WORK TO COMPLETE
Write out the data word for word, taking care that no picture is carried over.

(Stored records)

┄┄┄┄┄┄┄┄┄┄┄┄┄┄┄┄┄┄┄┄

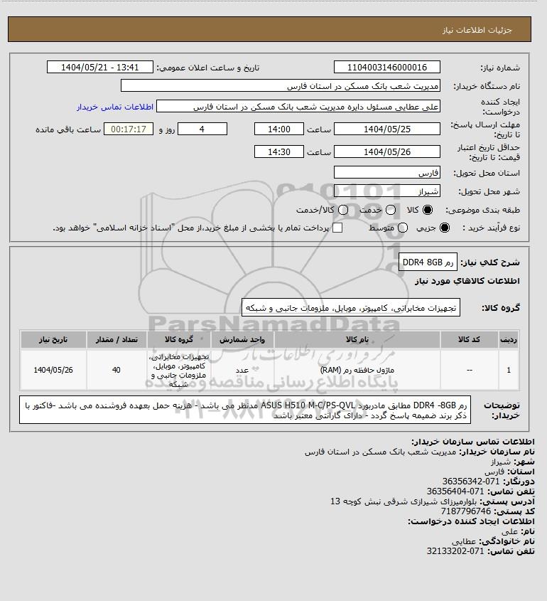 | 1 | -- | ماژول حافظه رم (RAM) | عدد | تجهیزات مخابراتی، کامپیوتر، موبایل، ملزومات جانبی و شبکه | 40 | 1404/05/26 |
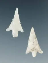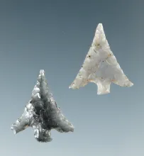 Pair of low flaked Columbia Plateau points found near the Columbia River, both around 5/8" long. |
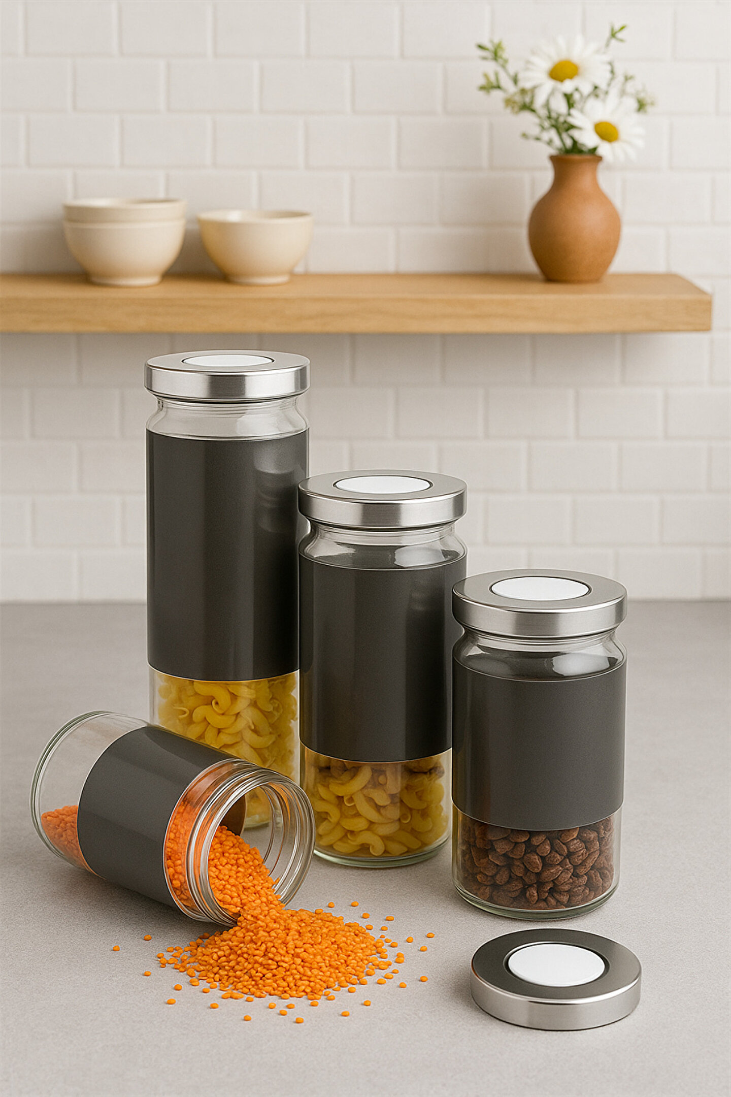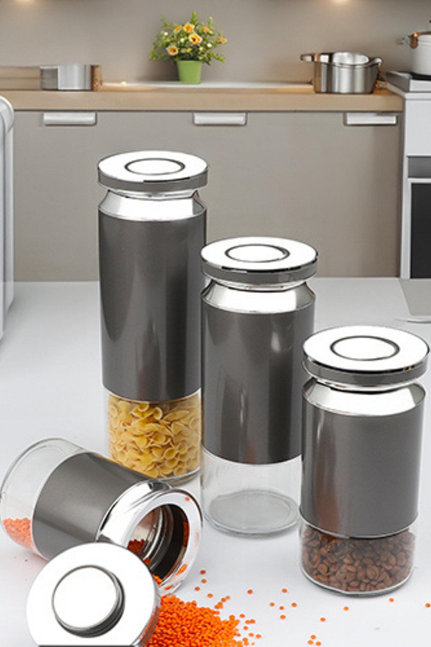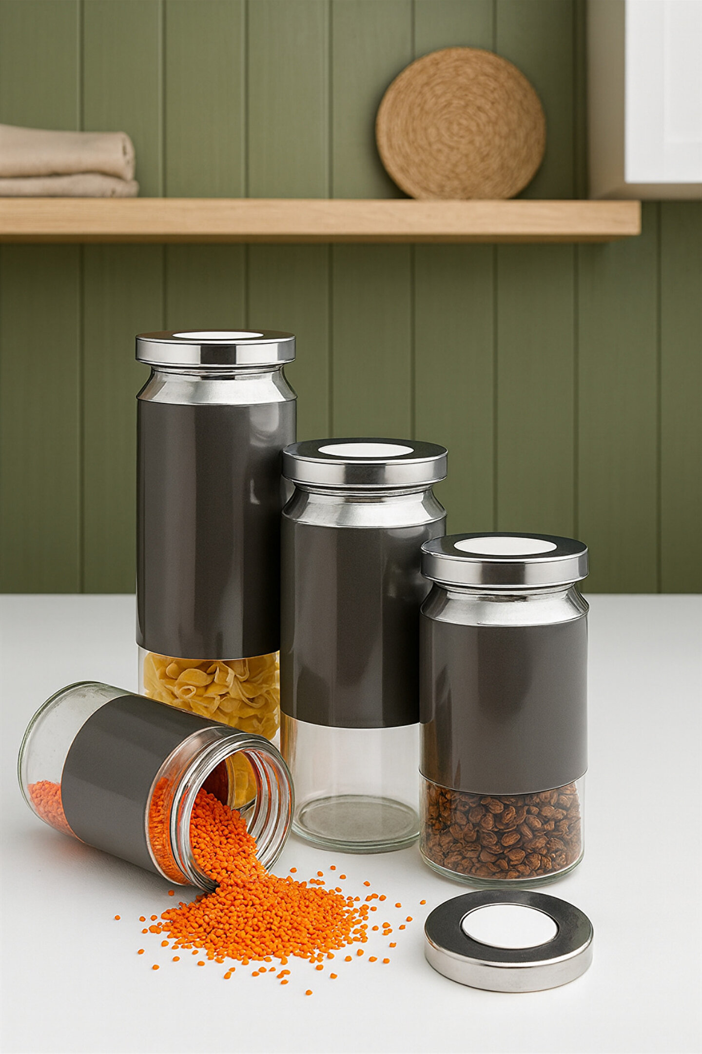 Modern gri tasarımlı 4’lü cam saklama kavanozu seti, paslanmaz çelik kapakları ve zarif formu ile tezgâhınızda dekoratif bir obje gibi dururken; makarna, bakliyat, kahve ve kuru gıdalarınızı düzenli ve taze tutmanıza yardımcı olur.
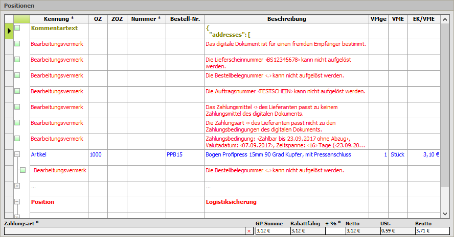 Prüfen Sie diese Vermerke und korrigieren Sie fehlerhafte oder unvollständige Angaben in Ihren Stammdaten bzw. klären Sie Widersprüche mit dem Lieferanten. Anschließend kann der unverbuchte Vorgang gelöscht und der Import wiederholt werden. Wiederholen Sie dieses Verfahren, bis möglichst keine Bearbeitungsvermerke mehr angezeigt werden.
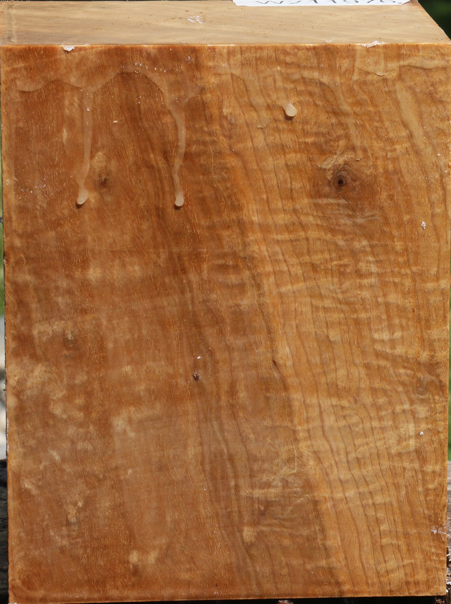 Australian Eucalyptus is incredibly easy to turn and takes a high natural polish. This batch has an unusually high concentration of figure; in fact, it's the most figured log we've procured in 25 years. Freshly cut in May of 2024 and completely wax sealed, this wood contains residual moisture. Twice turning is recommended. An end check may be present but should turn away. This wood may develop shrinkage or checks during drying. Make stunning woodturning projects from this classic exotic hardwood! This piece has inclusions. Please see pictures for details.

┄┄┄┄┄┄┄┄┄┄┄┄┄┄┄┄┄┄┄┄

RESPONSE BELOW
 | 1 | -- | ماژول حافظه رم (RAM) | عدد | تجهیزات مخابراتی، کامپیوتر، موبایل، ملزومات جانبی و شبکه | 40 | 1404/05/26 |
 Pair of low flaked Columbia Plateau points found near the Columbia River, both around 5/8" long. |
 Modern gri tasarımlı 4’lü cam saklama kavanozu seti, paslanmaz çelik kapakları ve zarif formu ile tezgâhınızda dekoratif bir obje gibi dururken; makarna, bakliyat, kahve ve kuru gıdalarınızı düzenli ve taze tutmanıza yardımcı olur.
 Prüfen Sie diese Vermerke und korrigieren Sie fehlerhafte oder unvollständige Angaben in Ihren Stammdaten bzw. klären Sie Widersprüche mit dem Lieferanten. Anschließend kann der unverbuchte Vorgang gelöscht und der Import wiederholt werden. Wiederholen Sie dieses Verfahren, bis möglichst keine Bearbeitungsvermerke mehr angezeigt werden.
 Australian Eucalyptus is incredibly easy to turn and takes a high natural polish. This batch has an unusually high concentration of figure; in fact, it's the most figured log we've procured in 25 years. Freshly cut in May of 2024 and completely wax sealed, this wood contains residual moisture. Twice turning is recommended. An end check may be present but should turn away. This wood may develop shrinkage or checks during drying. Make stunning woodturning projects from this classic exotic hardwood! This piece has inclusions. Please see pictures for details.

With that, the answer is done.